La tendinopathie patellaire chronique ou jumper’s knee est une pathologie sportive parfois invalidante pour les athlètes. Moins invasif et avec des suites courtes, le PRP peut présenter une alternative intéressante à la chirurgie dans ces tendinopathies rebelles, résistantes au traitement médical bien conduit incluant physiothérapie, massage transversal profond, AINS et travail dynamique excentrique. Je n’ai retenu aucune étude sérieuse.
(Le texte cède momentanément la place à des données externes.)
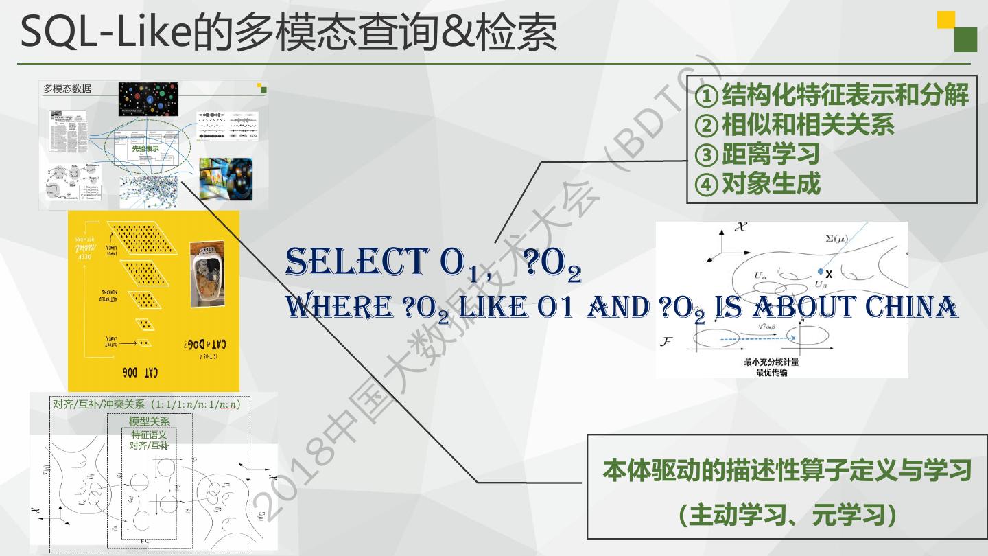 23 .SQL-Like的多模态查询&检索 ) ① 结构化特征表示和分解 TC ② 相似和相关关系 BD ③ 距离学习 ( ④ 对象生成 会 大 Select O1,?O2 术 技 Where ?O2 like O1 and ?O2 iS abOut china 据 数 大 国 中 本体驱动的描述性算子定义与学习 18 20 (主动学习、元学习)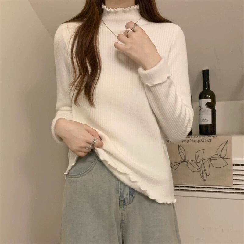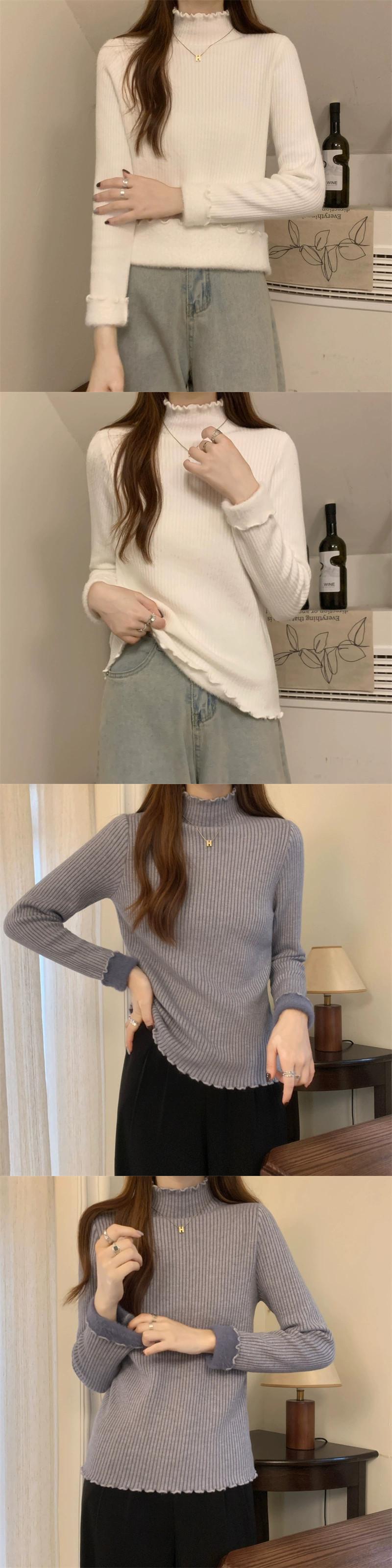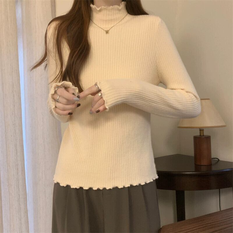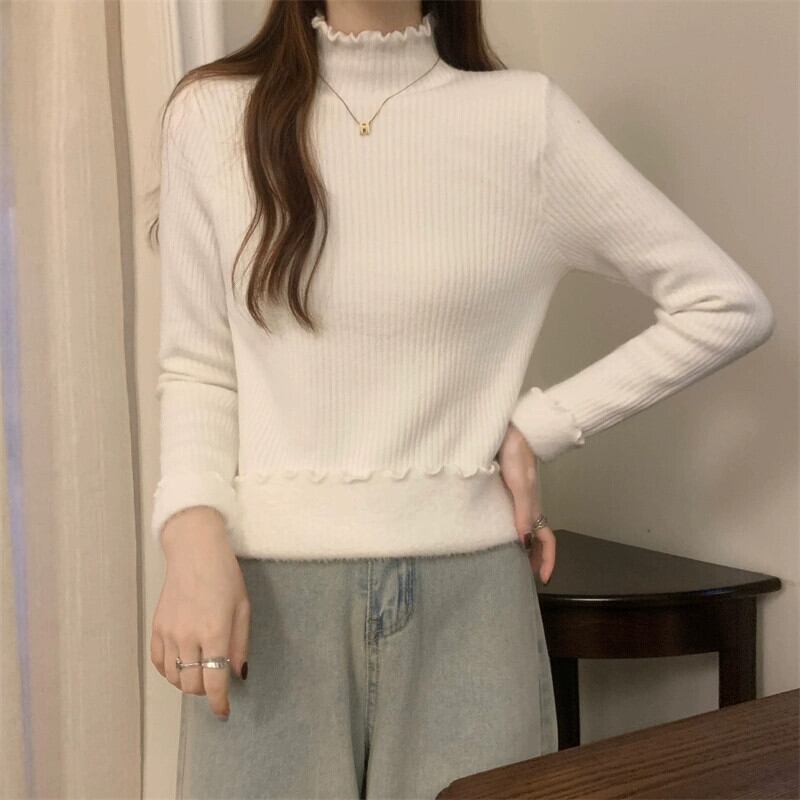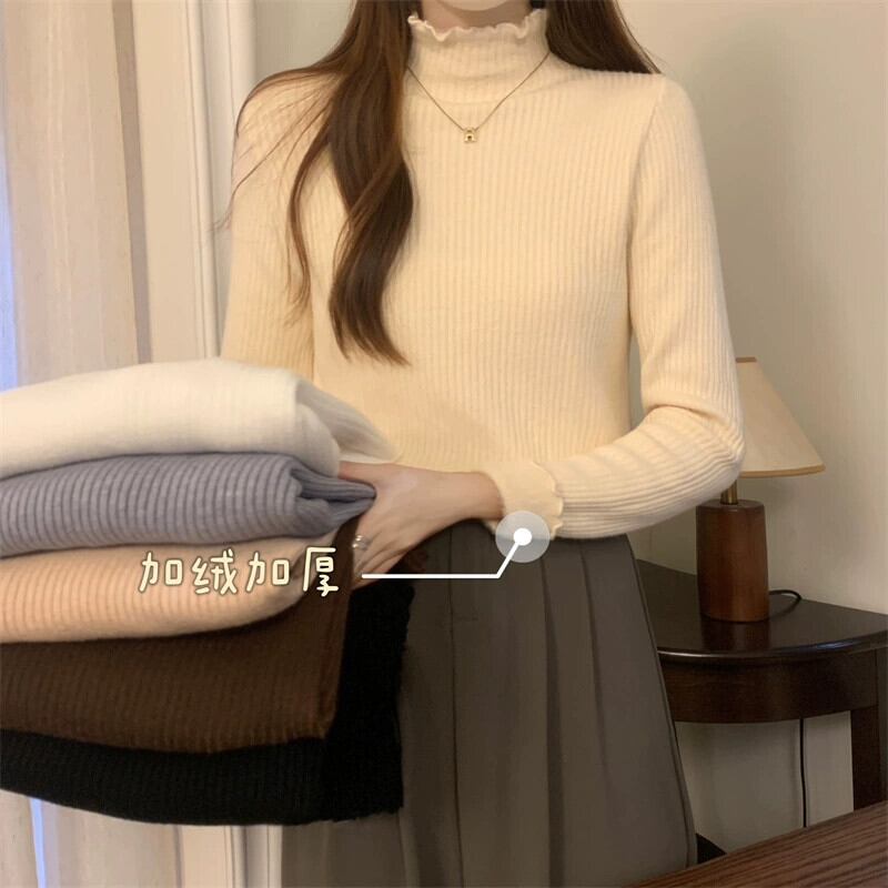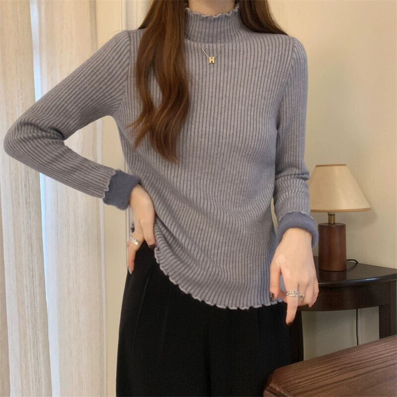 秋冬の厚みのあるベルベットハーフタートルネックボトムシャツレディース、内側はワンピースベルベットセーター、スリムでスタイリッシュな菌エッジセーター オータム 秋物 ウィンター 冬物 7460084793262301 | framboise21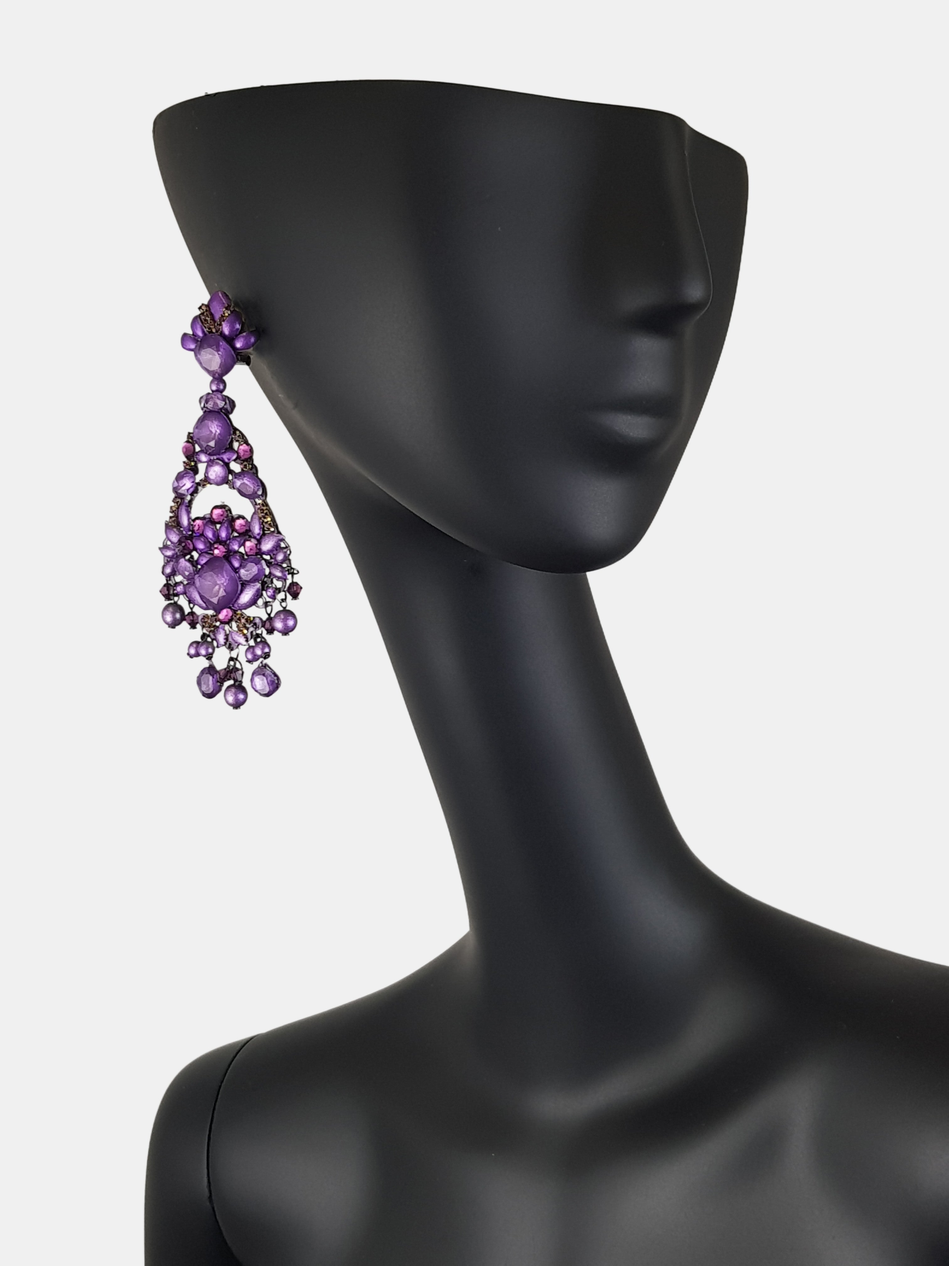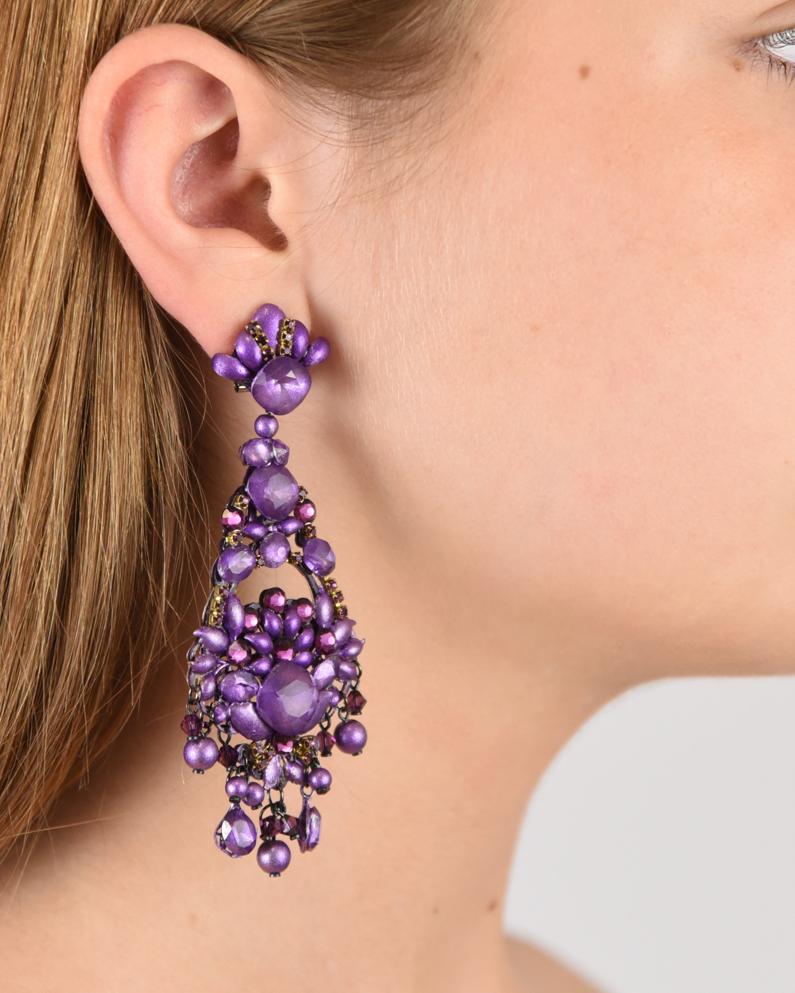 Articulated chandelier design with faceted Swarovski crystal in shades of purple

Sanchez et al(19) ont étudié, de manière prospective, l’efficacité de l‘injection intra articulaire de PRGF dans la gonarthrose sur 30 patients comparés à un groupe contrôle de 30 patients traités par l’injection intra articulaire d’acide hyaluronique, 3 injections à une semaine d’intervalle, obtenant 33,4% de résultats positifs sur la douleur à 5 semaines dans le groupe PRGF et 10% dans le groupe acide hyaluronique. Les effets bénéfiques à 6 et 12 mois n’ont pas été analysés, relativisant l’intérêt de cette étude.
PRP et dopage
A compter de 2011, l’usage des préparations dérivées des plaquettes (PRP) a été retiré de la liste des interdictions par l’Agence Mondiale Antidopage (AMA), y compris en intramusculaire.
Conclusion
L’utilisation du PRP remonte à près de 30 ans en chirurgie maxillo-faciale. Son utilisation s’est largement répandu en traumatologie du sport depuis une dizaine d’années, comme alternative à la chirurgie ou comme adjuvant chirurgical. De nombreuses études ont été réalisées, peu de qualité irréprochable (petites séries, pas de groupe contrôle).
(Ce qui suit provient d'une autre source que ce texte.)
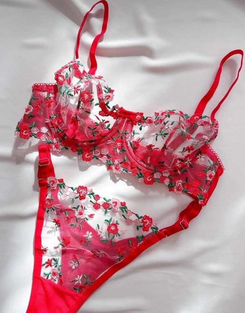Vintage Red Sheer Tulle Bralette Set With Rose Motifs Etsy
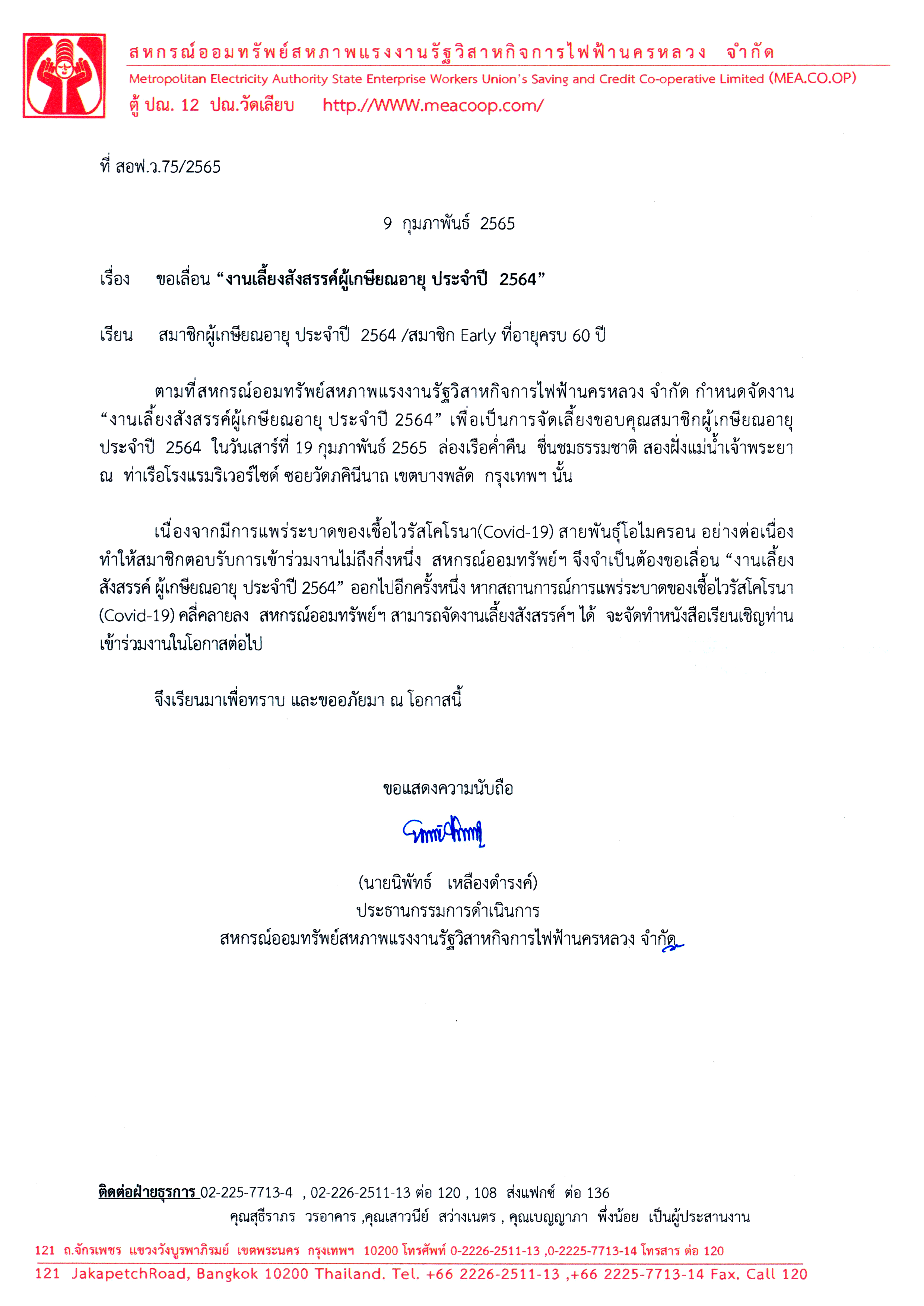 ประกาศที่ สอฟ.ว.75/2565 เรื่อง ขอเลื่อน "งานเลี้ยงสังสรรค์ผู้เกษียณอายุ ประจำปี 2564"

Les risques de complications liées à l’utilisation du PRP sont faibles, d’abord parce le produit, issu du propre sang du patient, n’a pas de risque de rejet ou d’allergie. Le seul risque inhérent à toute injection est infectieux, probablement inférieur à celui des infiltrations de corticoïde du fait des propriétés bactériostatiques du PRP et de l’utilisation d’un matériel en circuit fermé, du prélèvement à l’injection. Quant à l’effet tératogène de l’injection de facteurs de croissance autologues il est tout à fait théorique et jamais observé par les auteurs.
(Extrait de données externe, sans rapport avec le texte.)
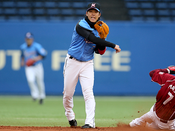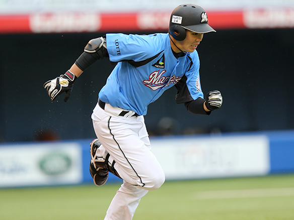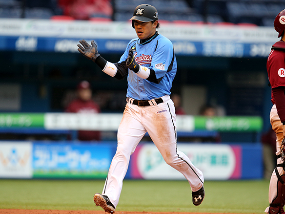 2番 根元 左中三 0アウト2塁の1-0からセンターへのタイムリースリーベースでロッテ同点! ロ1-1楽 3塁 ![]() 1
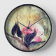 Harmonic Pink Flowers Black Leaves Abstract Clock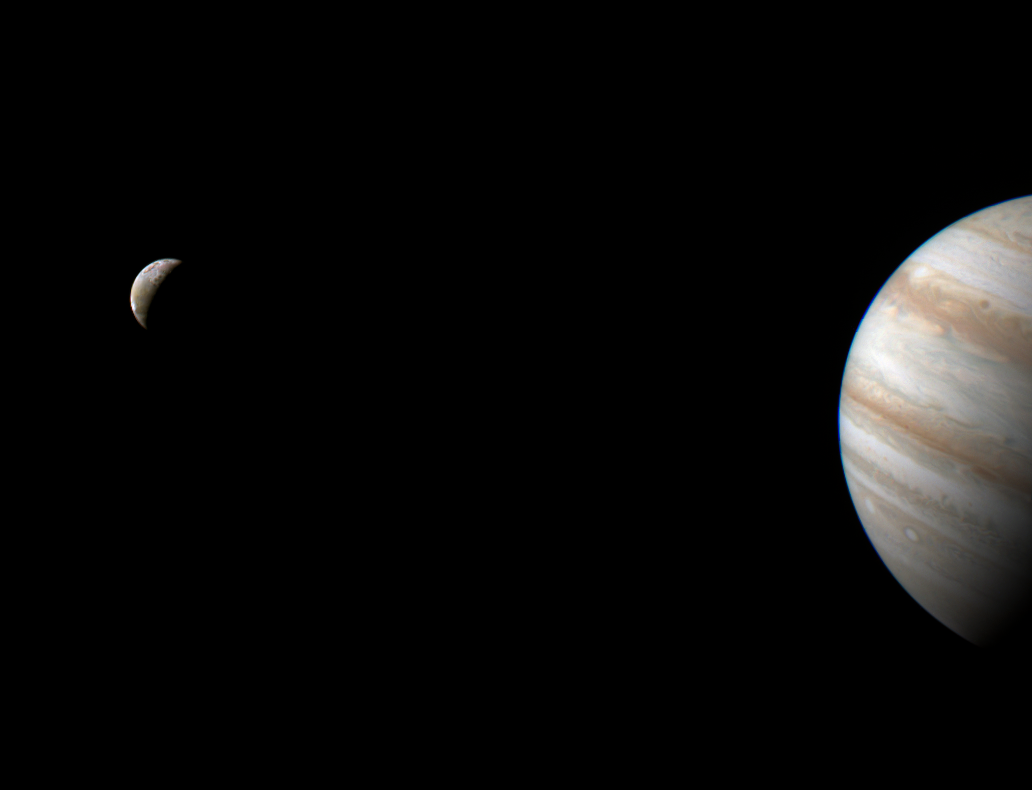 A special note about the Earth Flyby mission phase images: these were acquired in 2013 when Juno flew past Earth. Examples of processed images are shown; most contributions are from amateurs.

Les concentrés plaquettaires, nous l’avons vu, ne sont pas standardisés, tant sur la concentration en facteurs de croissance, la présence ou non de leucocytes ou de granulocytes, que l’activation ou non par le chlorure de calcium. Les protocoles thérapeutiques sont variables, l’utilisation d’un anesthésique local, le nombre d’injections (1 à 3), le délai entre chaque injection et dans les lésions musculaires le délai par rapport à la lésion initiale sont mal définis. Le guidage radiologique ou échographique du geste est inconstant.
Il est à présent indispensable de mieux connaître la composition des différents concentrés plaquettaires, de comparer leur efficacité, de préciser les protocoles thérapeutiques et de mieux définir les indications. Plusieurs études françaises sont en cours sur l’utilisation du PRP dans les épicondylites latérales, les tendinopathies achilléennes et patellaires, la réparation chirurgicale de la coiffe des rotateurs. Nous attendons avec impatience les publications avant de nous réjouir totalement de ce traitement très prometteur.